Throughout the keynote, the recurring theme of advocacy tied every message together. Several slides reinforced this point with powerful simplicity: “Advocacy Turns Barriers into Bridges,” “When We Advocate, We Win,” and “Advocacy = Everyday Action.” McCarley reminded attendees that advocacy does not occur only at the legislative level. It happens every day in the way practitioners communicate with families, educate team members, mentor students, and represent the profession in their workplaces. Each action contributes to the visibility and value of occupational therapy. Her approach grounded advocacy not in politics, but in purpose.
As the keynote drew to a close, McCarley returned to themes of unity and shared strength. Her slide titled “Transforming Challenges Together” served as both summary and rallying point. She reminded participants that the profession’s resilience depends on its members staying connected, through associations like OOTA, through mentorship, and through active engagement in policy and education. Strength and unity, she emphasized, allow the field to convert obstacles into opportunities for sustainable change. Her closing question, “What will you do on Monday that honors the strength of our profession?” left the audience reflecting on immediate, tangible ways to act on what they had heard.

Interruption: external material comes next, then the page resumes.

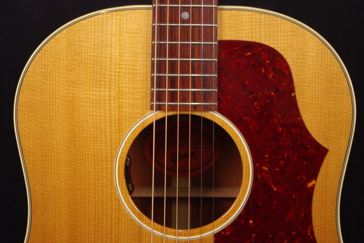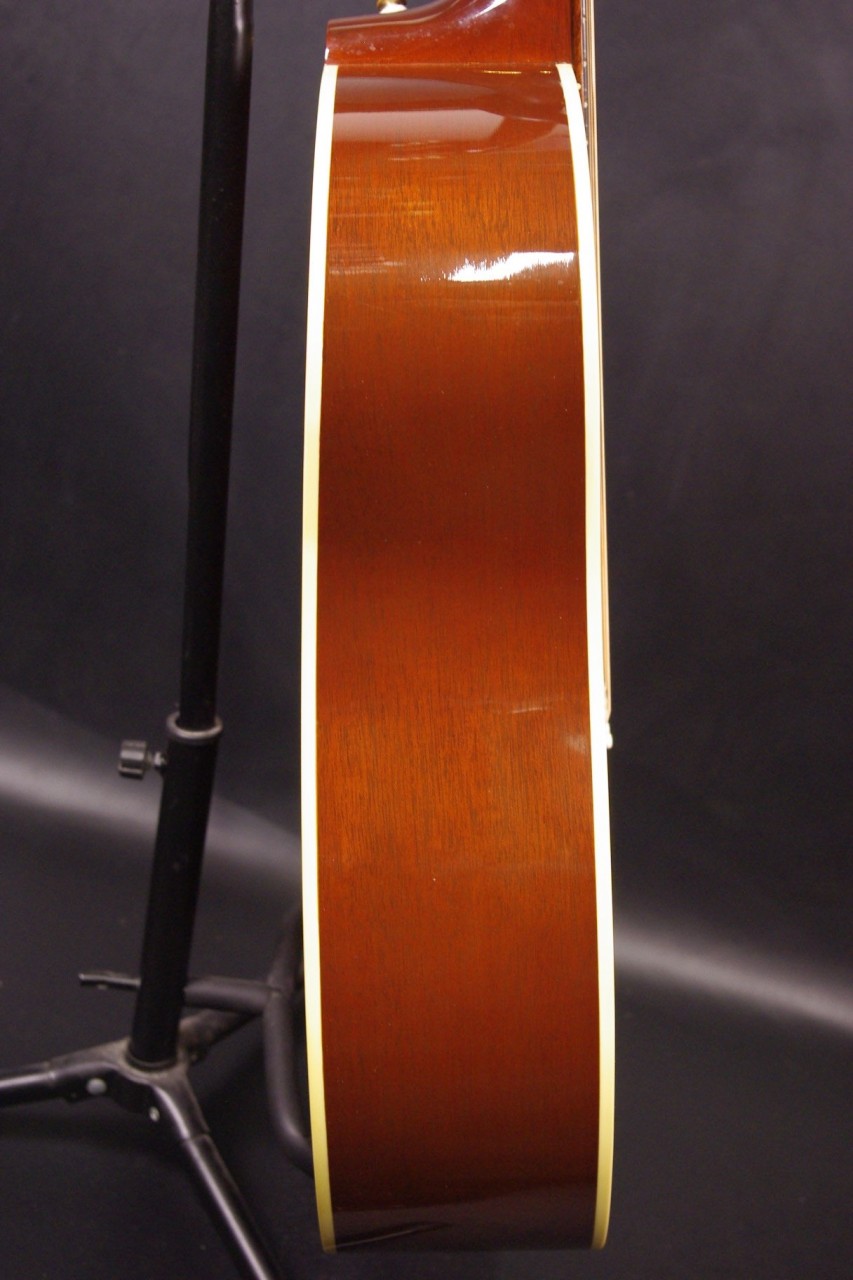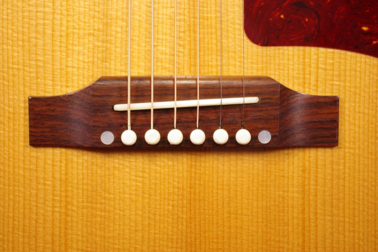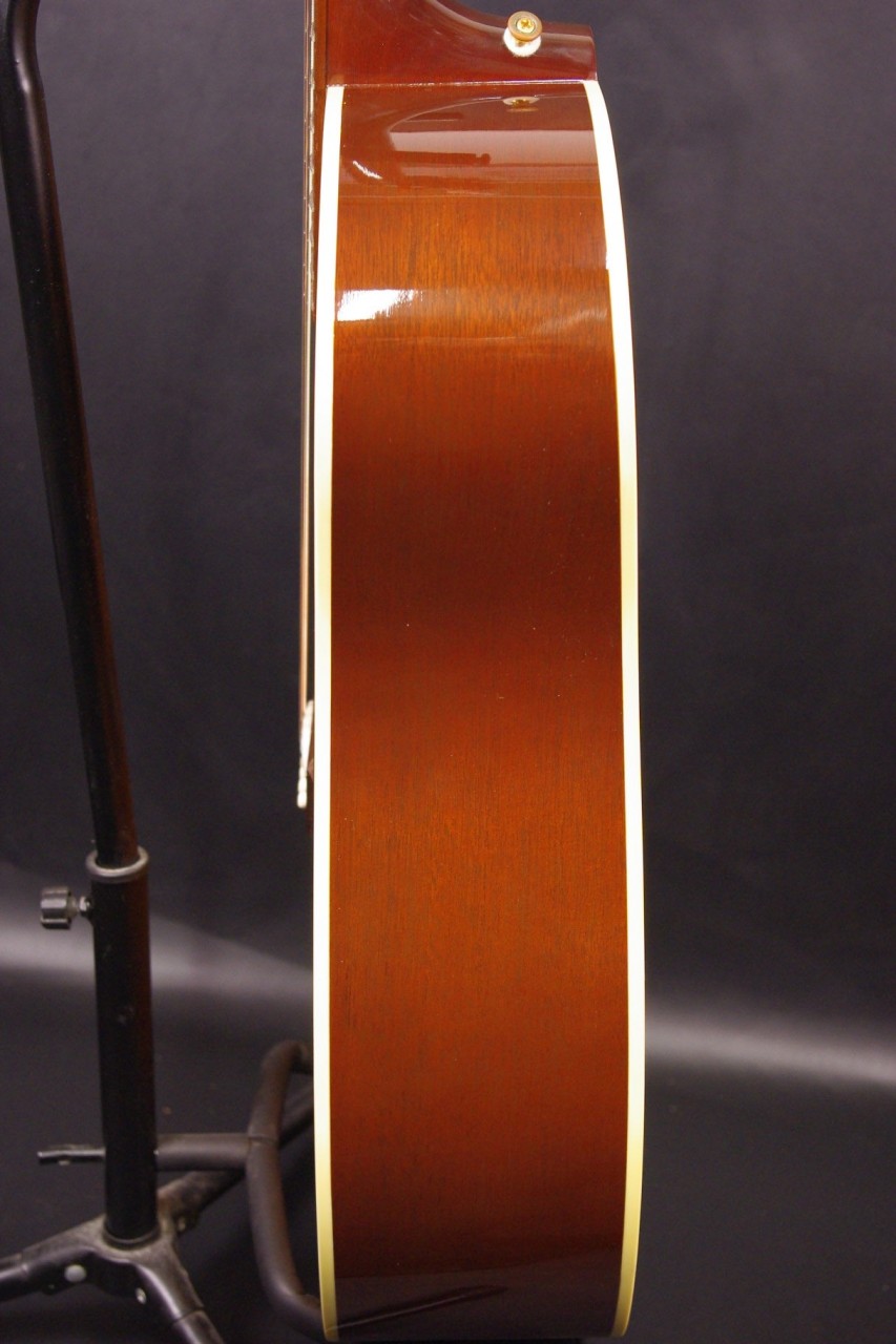 1950年代を再現した2020年製のJ-50 1950sが入荷しました!トップはスプルース、サイドバックにはマホガニー、指板とブリッジにはローズウッド、ノーマルサドルのJ-50でワンリング、ラージピックガードが特徴です!!クルーソン製の3連ペグ、ピックガードなど主なパーツもオリジナルで残っています。ネックヒールへはストラップピンが打っています。LRBaggs社のエレメントVTCピックアップが新品時から搭載されておりライブでもお使いいただけます!使用感は少々ありますが特別に目立った傷のない美品で演奏性、サウンドも優れています。ナット幅は約43mm弱の50年代を感じさせるしっかりとしたグリップでアングルも理想的です。トラスロッドの動作にも余裕がありました。フレットの減りも少なく長期で気にしないでご使用いただけます。弦高は12フレット6弦側で約2.3mm、1弦側で約1.6mmの高さでハイポジションまで押さえやすく調整されています。お好みに合わせた高さに微調整も可能です。Xブレーシングはスキャロップドのためふくよかな低中音でスロトークでは纏まりがよくパワフル!指弾きも軽いタッチで響きますよ!探していた方は是非この機会にどうぞ!オリジナルハードケース付き

In the days following the conference, many attendees described McCarley’s keynote as energizing and reaffirming. Her presentation acknowledged the realities of practice, productivity pressures, documentation demands, and systemic change, while reframing them within a larger narrative of purpose and possibility. At its core, “The Power of Our Why” reminded occupational therapists that advocacy is not something added to practice, it is woven into the fabric of everything they do. Whether educating others about the profession, promoting equitable access to care, or simply ensuring that a client’s goals are heard and honored, every therapist contributes to advancing the field.
McCarley’s message reflected both the challenges and the promise of modern occupational therapy. In a changing world, she suggested, the profession’s success depends not just on adapting to new systems but on shaping them, through unity, creativity, and unwavering focus on what truly matters. As attendees left the ballroom that afternoon, many carried with them a renewed sense of direction and pride in their collective “why.” The final message lingered long after the applause: when occupational therapists advocate, individually and together, they strengthen not only their clients, but the entire profession.